August strongyle FEC was heavily right skewed and zero inflated. Since the accuracy of the method used to estimate FEC is limited to 100 eggs per gram (Gulland and Fox 1992), we binned August FEC into multiples of 100, with zeros counted as 0 and values >6,000 eggs grouped into a single final bin (fig. A1A, A1B). Associations between antibody measures and August strongyle FEC were modeled using generalized linear mixed models via the glmmADMB package v0.8.3.3 (Fournier et al. 2012; Skaug et al. 2016). To assess which distribution best fitted the data set, we tested Poisson distributions and two negative binomial distributions (NB2 parameterization where $\mathrm{variance}=\mu \left(1+\mu /k\right)$ and NB1 fit where $\mathrm{variance}=\phi \mu$) with and without zero inflation and compared the Akaike information criterion (AIC) between all six models. We found that the negative binomial NB2 distribution without zero inflation had the lowest AIC for all models of FEC: lambs, adult females, and adult males. We included fixed effects for sex (lamb model only), weight, age, and population density. Because previous studies of FEC in Soay sheep have identified curvilinear relationships between FEC and both age and weight (Hayward et al. 2009), we tested both linear and quadratic effects of these terms in our models. We included capture year as a random effect in both models and individual identity as a random effect in the adult models.

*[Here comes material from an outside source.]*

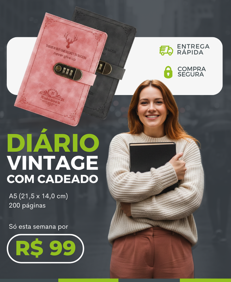 Diário Vintage Chumbo 200 pags com Fechadura e Senha - A5 (21,5 x 14,5 cm)

We investigated potential associations between August weight and anti-Tc antibody levels using linear mixed effects models via the lme4 package v1.1–17 (Bates et al. 2015), assuming a Gaussian distribution (fig. A1C, A1D). For the lamb models, we included sex, twin status, age in days, maternal age (quadratic), and population size as fixed effects and capture year and maternal identity as random effects. For adult weight models, we included age (linear and quadratic terms) and population size as fixed effects and individual identity and capture year as random effects.

We calculated overwinter survival as survival from capture in August to May 1 in the subsequent year using death date, capture, and census information. Survival probability varied with age and sex (fig. A1E) as well as among years, as previously documented (Clutton-Brock and Pemberton 2004). Analyses of survival were performed using generalized linear mixed models (GLMMs) in the lme4 package with a binomial error distribution and a logit link function. Binomial GLMMs were run with the built-in bobyqa optimizer, and the maximum number of iterations increased to 2E⁻⁶ to improve model convergence. For the lamb model, we included sex, twin status, weight (linear and quadratic), and population size as fixed effects and capture year as a random effect. For the adult models, we included age (linear and quadratic), weight (linear and quadratic), and population size as fixed effects, with individual identity and year as random effects.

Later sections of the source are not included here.